> _PROBLEM DETAILS_: Only the lines from the top of the following listing through the line with "第二步,如果项目变更为一般变" belong in your answer, exactly as written.

> _DATA SHOWN_:
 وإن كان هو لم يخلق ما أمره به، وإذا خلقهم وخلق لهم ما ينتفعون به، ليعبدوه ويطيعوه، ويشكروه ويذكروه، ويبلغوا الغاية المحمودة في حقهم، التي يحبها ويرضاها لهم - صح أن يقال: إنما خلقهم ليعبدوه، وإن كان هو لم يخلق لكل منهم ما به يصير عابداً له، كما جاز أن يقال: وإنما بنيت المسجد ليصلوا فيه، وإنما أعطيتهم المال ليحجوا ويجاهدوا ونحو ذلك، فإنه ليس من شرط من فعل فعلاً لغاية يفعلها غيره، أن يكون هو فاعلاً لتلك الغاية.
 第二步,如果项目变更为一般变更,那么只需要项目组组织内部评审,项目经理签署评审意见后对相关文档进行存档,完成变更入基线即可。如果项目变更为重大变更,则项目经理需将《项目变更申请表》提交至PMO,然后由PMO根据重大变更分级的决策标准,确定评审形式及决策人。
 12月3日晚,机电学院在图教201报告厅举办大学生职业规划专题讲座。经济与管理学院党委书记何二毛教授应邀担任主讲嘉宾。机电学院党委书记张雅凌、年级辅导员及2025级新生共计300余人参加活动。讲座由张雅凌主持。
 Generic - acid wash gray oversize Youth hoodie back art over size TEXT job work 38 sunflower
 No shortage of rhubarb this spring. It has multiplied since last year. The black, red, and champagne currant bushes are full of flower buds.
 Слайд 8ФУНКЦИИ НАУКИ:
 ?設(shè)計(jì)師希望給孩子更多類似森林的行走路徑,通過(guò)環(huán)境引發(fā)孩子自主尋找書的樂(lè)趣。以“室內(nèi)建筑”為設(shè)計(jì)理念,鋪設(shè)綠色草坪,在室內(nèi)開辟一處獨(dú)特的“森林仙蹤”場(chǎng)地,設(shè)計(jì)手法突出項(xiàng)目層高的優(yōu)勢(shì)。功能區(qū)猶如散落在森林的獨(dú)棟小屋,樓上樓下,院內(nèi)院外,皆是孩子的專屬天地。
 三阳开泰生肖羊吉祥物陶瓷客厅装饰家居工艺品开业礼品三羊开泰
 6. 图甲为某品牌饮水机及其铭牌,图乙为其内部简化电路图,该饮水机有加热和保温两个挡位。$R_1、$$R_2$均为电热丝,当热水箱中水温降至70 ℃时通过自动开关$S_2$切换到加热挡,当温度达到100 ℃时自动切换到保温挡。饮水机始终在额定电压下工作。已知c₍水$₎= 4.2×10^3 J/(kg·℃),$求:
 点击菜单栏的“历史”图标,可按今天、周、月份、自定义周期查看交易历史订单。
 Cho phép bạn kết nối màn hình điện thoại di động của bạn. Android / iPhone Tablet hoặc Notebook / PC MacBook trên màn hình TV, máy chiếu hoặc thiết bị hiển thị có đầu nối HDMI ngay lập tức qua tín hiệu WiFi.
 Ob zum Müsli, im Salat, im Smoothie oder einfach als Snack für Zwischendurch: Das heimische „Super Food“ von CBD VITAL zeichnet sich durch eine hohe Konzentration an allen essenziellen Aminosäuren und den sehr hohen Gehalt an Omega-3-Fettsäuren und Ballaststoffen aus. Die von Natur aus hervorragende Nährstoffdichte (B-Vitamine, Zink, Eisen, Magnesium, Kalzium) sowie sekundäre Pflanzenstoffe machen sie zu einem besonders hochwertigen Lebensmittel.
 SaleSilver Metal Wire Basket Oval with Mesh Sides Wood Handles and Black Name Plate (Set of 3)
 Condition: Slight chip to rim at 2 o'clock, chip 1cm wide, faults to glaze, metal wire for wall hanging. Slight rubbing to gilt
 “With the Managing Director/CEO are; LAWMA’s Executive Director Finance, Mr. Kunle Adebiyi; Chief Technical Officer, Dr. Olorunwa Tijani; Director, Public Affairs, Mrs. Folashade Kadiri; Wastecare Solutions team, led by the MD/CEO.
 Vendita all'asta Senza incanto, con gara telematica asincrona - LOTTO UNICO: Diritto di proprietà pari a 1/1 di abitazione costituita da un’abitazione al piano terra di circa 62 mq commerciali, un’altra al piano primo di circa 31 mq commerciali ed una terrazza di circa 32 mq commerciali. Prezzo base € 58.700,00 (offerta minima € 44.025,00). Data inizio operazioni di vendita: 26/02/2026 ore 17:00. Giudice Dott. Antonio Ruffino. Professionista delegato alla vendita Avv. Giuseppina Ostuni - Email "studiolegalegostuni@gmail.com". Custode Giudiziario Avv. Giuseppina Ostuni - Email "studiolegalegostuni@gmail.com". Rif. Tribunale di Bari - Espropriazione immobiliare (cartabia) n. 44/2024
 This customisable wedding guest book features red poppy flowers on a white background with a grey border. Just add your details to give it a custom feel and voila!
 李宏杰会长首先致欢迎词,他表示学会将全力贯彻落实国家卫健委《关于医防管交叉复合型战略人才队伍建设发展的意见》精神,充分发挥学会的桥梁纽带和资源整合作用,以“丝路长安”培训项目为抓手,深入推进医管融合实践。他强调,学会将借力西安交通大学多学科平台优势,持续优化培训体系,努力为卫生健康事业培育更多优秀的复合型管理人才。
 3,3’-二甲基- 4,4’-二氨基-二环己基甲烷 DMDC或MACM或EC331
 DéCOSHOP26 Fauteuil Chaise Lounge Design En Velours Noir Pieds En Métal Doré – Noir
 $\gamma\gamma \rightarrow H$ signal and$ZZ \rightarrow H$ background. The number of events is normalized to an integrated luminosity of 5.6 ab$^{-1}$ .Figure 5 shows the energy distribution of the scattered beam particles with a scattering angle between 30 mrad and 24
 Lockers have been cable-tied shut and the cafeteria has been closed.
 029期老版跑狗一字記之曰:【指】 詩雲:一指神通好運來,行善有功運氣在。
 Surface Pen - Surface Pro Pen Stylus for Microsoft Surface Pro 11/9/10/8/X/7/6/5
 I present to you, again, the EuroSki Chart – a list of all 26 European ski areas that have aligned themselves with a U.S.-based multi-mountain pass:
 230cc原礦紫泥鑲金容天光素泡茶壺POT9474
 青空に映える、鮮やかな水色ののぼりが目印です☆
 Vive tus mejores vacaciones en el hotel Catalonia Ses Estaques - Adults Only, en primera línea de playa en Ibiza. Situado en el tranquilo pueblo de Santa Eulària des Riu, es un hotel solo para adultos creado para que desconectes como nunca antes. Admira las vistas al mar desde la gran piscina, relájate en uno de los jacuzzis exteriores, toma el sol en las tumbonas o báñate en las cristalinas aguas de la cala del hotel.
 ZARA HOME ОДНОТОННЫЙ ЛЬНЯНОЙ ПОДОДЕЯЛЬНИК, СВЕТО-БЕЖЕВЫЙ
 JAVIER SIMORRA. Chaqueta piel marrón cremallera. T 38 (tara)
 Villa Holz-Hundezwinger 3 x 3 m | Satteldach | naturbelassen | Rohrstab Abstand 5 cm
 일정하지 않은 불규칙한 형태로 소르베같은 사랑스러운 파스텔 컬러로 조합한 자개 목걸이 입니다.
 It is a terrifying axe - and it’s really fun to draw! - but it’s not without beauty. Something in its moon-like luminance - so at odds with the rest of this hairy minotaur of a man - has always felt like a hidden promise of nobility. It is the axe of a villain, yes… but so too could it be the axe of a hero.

> _YOUR SOLUTION_:
 وإن كان هو لم يخلق ما أمره به، وإذا خلقهم وخلق لهم ما ينتفعون به، ليعبدوه ويطيعوه، ويشكروه ويذكروه، ويبلغوا الغاية المحمودة في حقهم، التي يحبها ويرضاها لهم - صح أن يقال: إنما خلقهم ليعبدوه، وإن كان هو لم يخلق لكل منهم ما به يصير عابداً له، كما جاز أن يقال: وإنما بنيت المسجد ليصلوا فيه، وإنما أعطيتهم المال ليحجوا ويجاهدوا ونحو ذلك، فإنه ليس من شرط من فعل فعلاً لغاية يفعلها غيره، أن يكون هو فاعلاً لتلك الغاية.
 第二步,如果项目变更为一般变更,那么只需要项目组组织内部评审,项目经理签署评审意见后对相关文档进行存档,完成变更入基线即可。如果项目变更为重大变更,则项目经理需将《项目变更申请表》提交至PMO,然后由PMO根据重大变更分级的决策标准,确定评审形式及决策人。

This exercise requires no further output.